On the basis that the company is the owner and the key person is simply the life assured, then there are no benefit in kind or other taxation implications on the individual. If however, the company subsequently chooses to pay out the proceeds to the individual or their family then tax implications would arise on that event.

The company

There are two aspects to consider - paying the premiums and receiving the proceeds

Tax implication on paying the premiums
There is no specific provision in the tax legislation that guarantees corporation tax relief for the company. Instead, principles for the tax treatment were actually set out in 1944 by the Chancellor, Sir John Anderson.
This statement indicates that the proceeds will generally be taxable and the premiums tax deductible where:

The life assured is an employee

Thus no tax relief is likely on premiums where the life assured is a shareholder. Working directors (although not shareholding directors) are considered as employees. The logic behind this is that to be tax allowable , premiums must be "wholly and exclusively for the purposes of trade". Where a plan is written on the life of a shareholder, there is considered to be an element of self interest in taking out the plan ( i.e. preserving your own shareholding value) and therefore the wholly and exclusively test can be failed

The insurance is to meet a reduction in profits resulting from the loss of services of the key individual

For example, consider a company which borrows money to buy a factory. If the company then takes out a key person plan to repay the loan on that person's death. Then the plan would not meet this criteria. It is being taken to repay the loan and not meet loss of profits.

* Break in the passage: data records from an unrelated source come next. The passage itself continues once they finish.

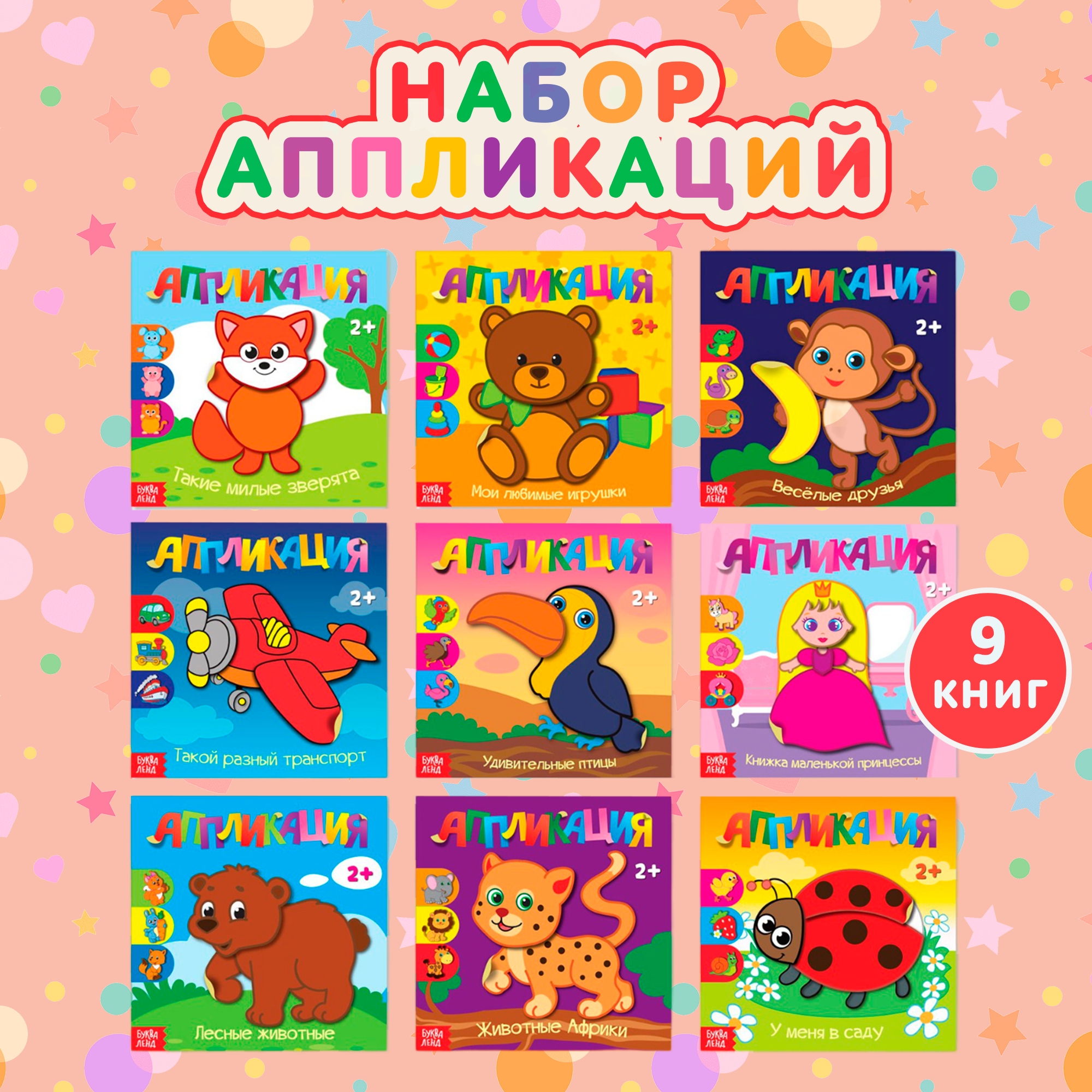 Набор книг "Для самых маленьких", буква-ленд, для аппликаций, 9 штук по 20 страниц, для детей и малышей информация: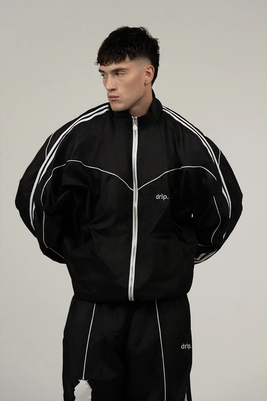 Зипка оверсайз из плащевой ткани с подкладом из белой сетки. Два белых лампаса по бокам. Вышитый логотип drip. слева на груди.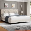 - Sleek Minimalist Design: This queen-size bed frame features a upholstered headboard that complements various decor styles. The EVA mute bar eliminates noise from friction, ensuring a peaceful night's sleep without any squeaking or creaking.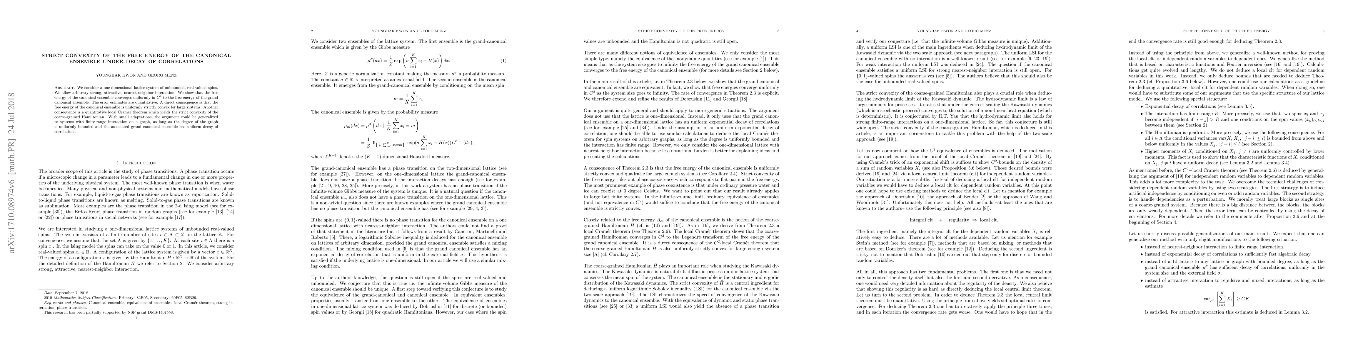 The paper employs a rigorous mathematical approach, utilizing techniques from statistical mechanics and probability theory to analyze the free energy of a one-dimensional lattice system of unbounded, real-valued spins with strong, attractive, nearest-neighbor interactions.
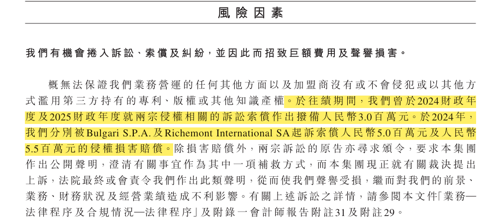 对于两起侵权诉讼,潮宏基表现得颇为“淡定”,称已在2024、2025两个财政年度计提诉讼拨备人民币300万元;还表示赔偿金额不大,对集团资产影响较小,即便停止相关产品销售,也不会对珠宝业务收益产生明显影响。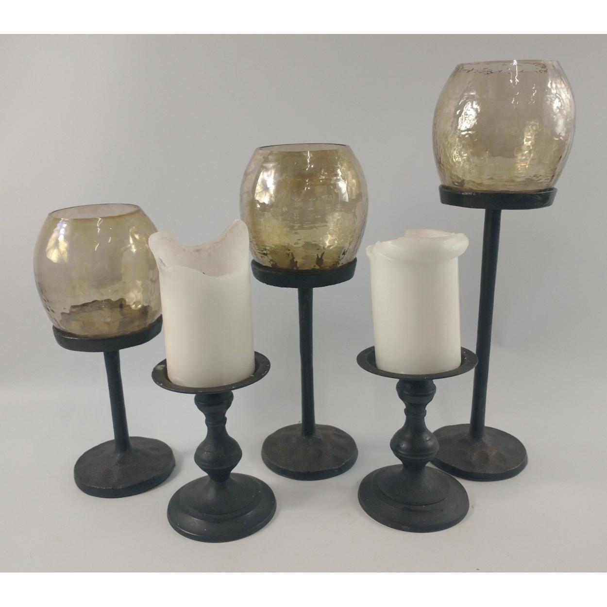 A selection of candle holders to include 3 with metal stems and glass shades ranging from 26-36cm in height, and 2 holders each 14cm high complete with candles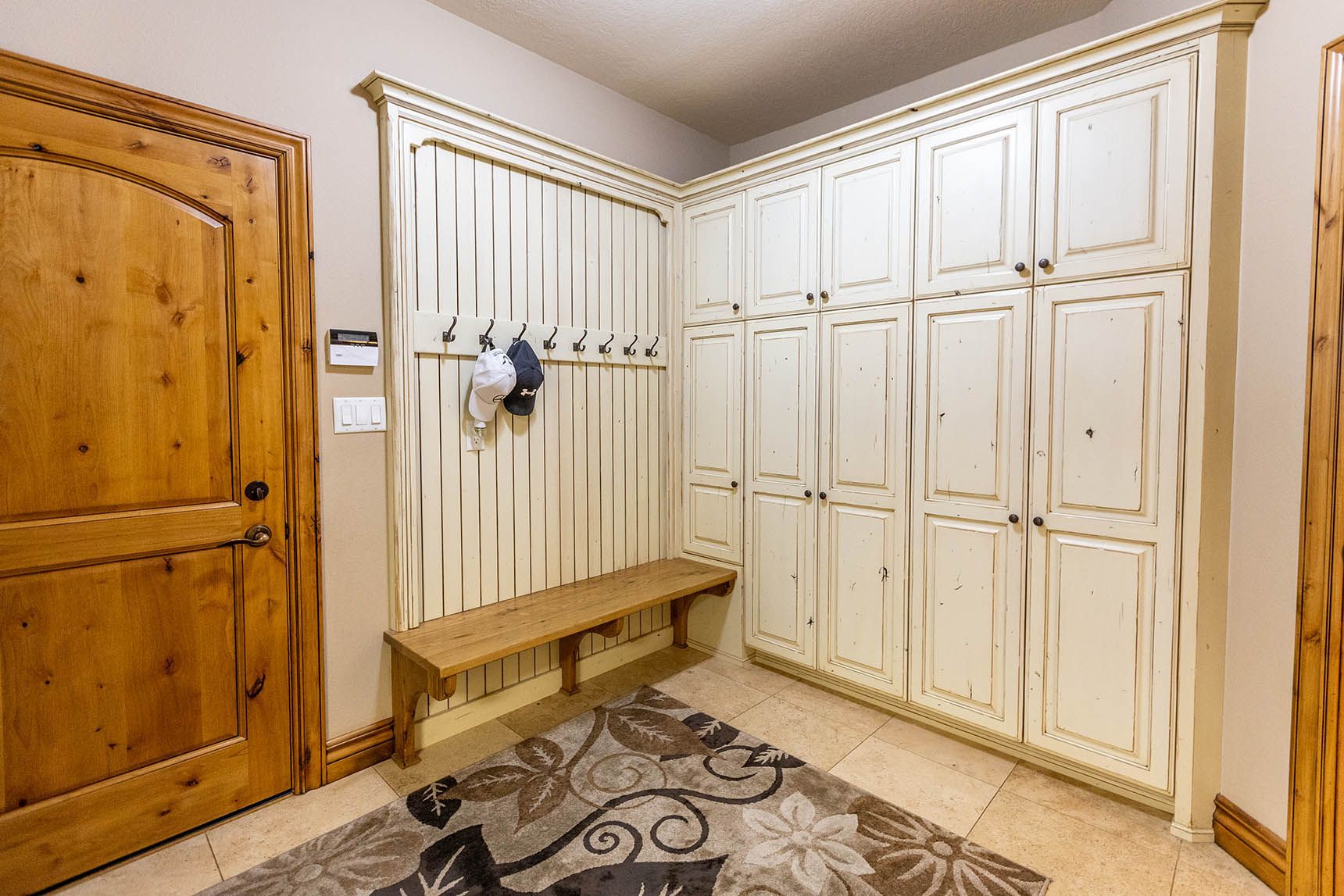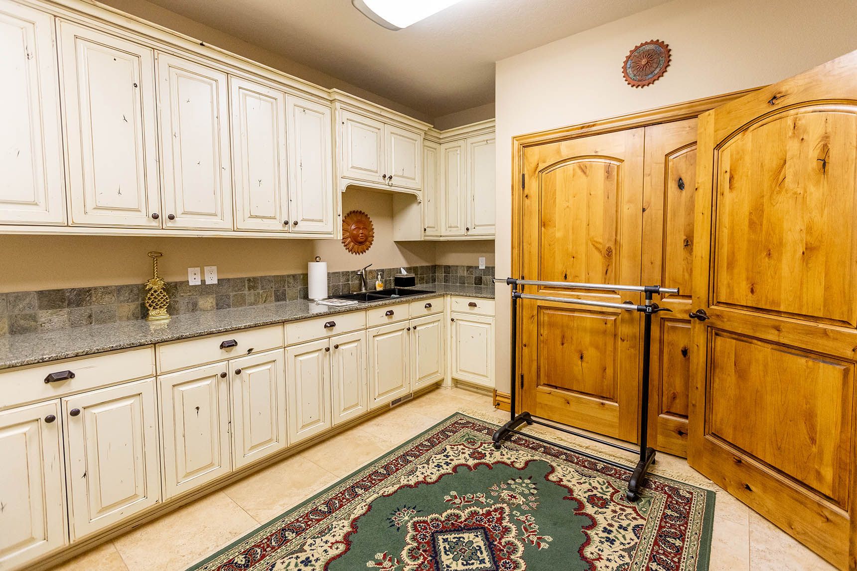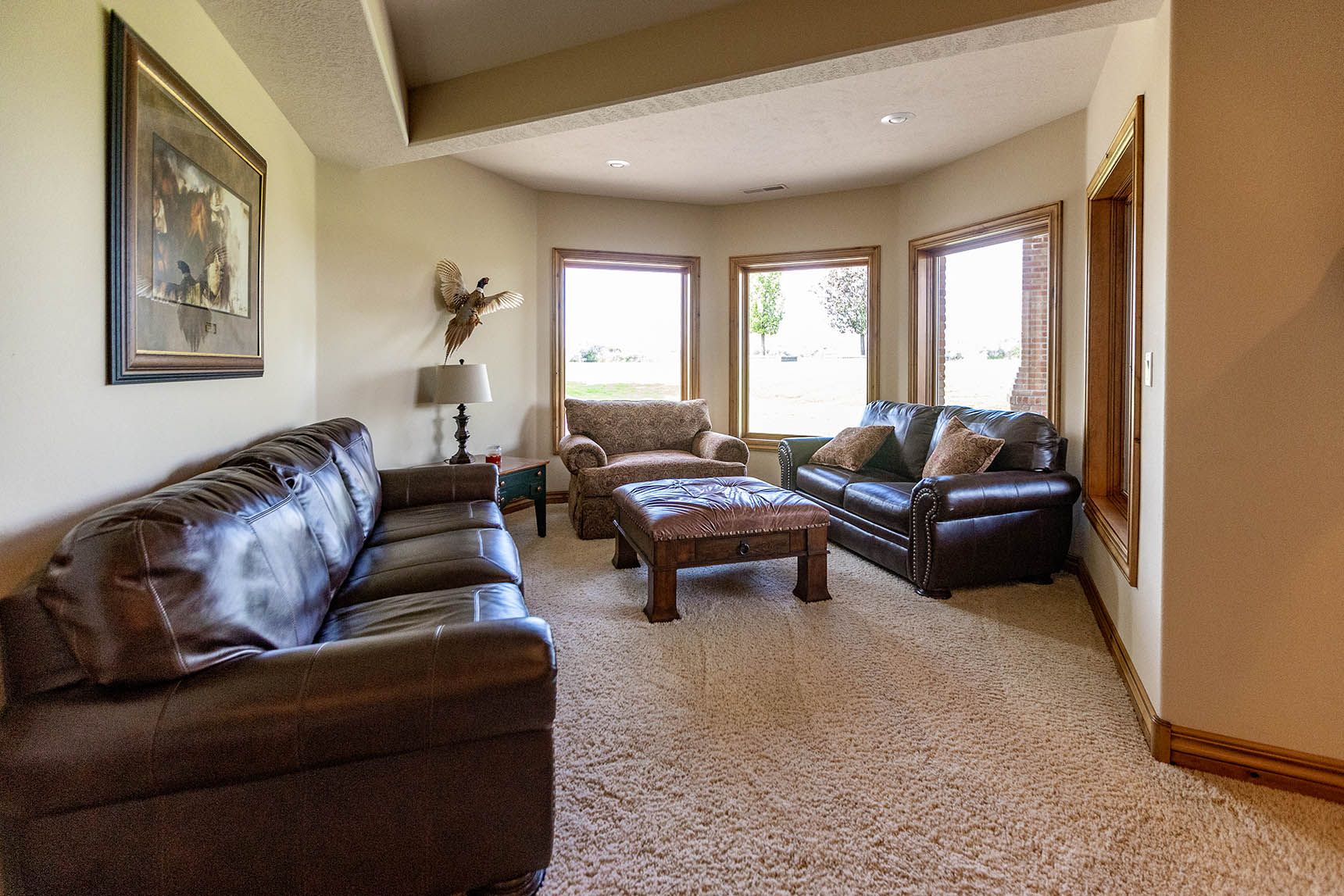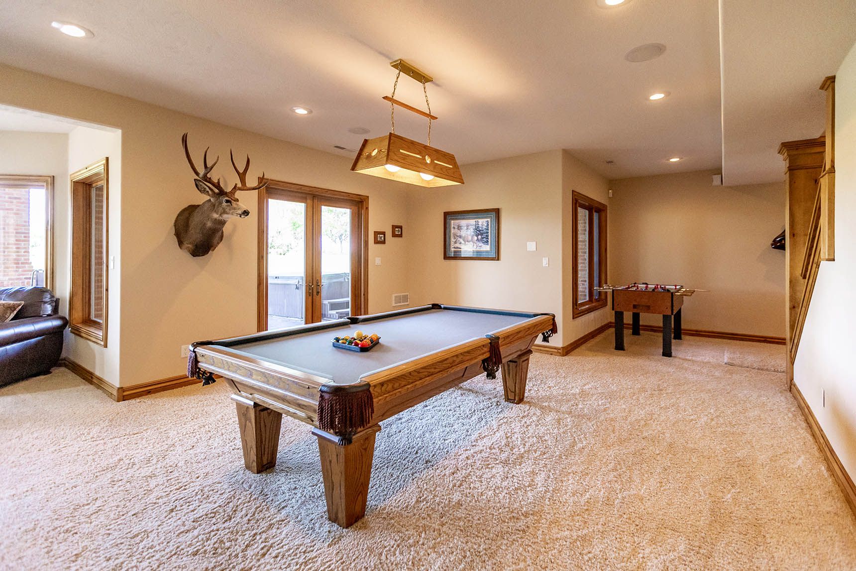 A one-of-a-kind theater room that includes a fireplace, a wet bar area, and a half bathroom for convenience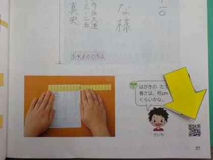のせているしゃしんは,教科書P.37の「長さ」のページです。

It is annual or short term insurance
Short term is not clearly defined but is generally considered to be plans of no more than five years



Summary

Many if not most plans will fail one or more of these tests and therefore the premiums will not be deemed to be tax deductible for the company



Receiving proceeds

If tax relief is not permitted on premiums then as a general rule of thumb the proceeds should not be treated as a trading receipt
It is important to establish this before taking out cover , since if the proceeds are to form part of the trading receipts and are liable to corporation tax, then a company could find that they have insufficient funds available after tax to meet their needs.
If proceeds are to be taxed then the initial sum assured will need to be increased to take this into account



Conclusion

It is clear that taxation treatment depends on the facts of a particular case and the practice of the local Inspector of Taxes
Accordingly, we it is recommended that when a key person plan is being proposed, the company accountants or tax advisers write to the company's inspector of taxes to gauge his view on the taxation circumstances. Whilst a binding decision on taxation will not be forthcoming, a good indication on the likely tax outcome will be gained.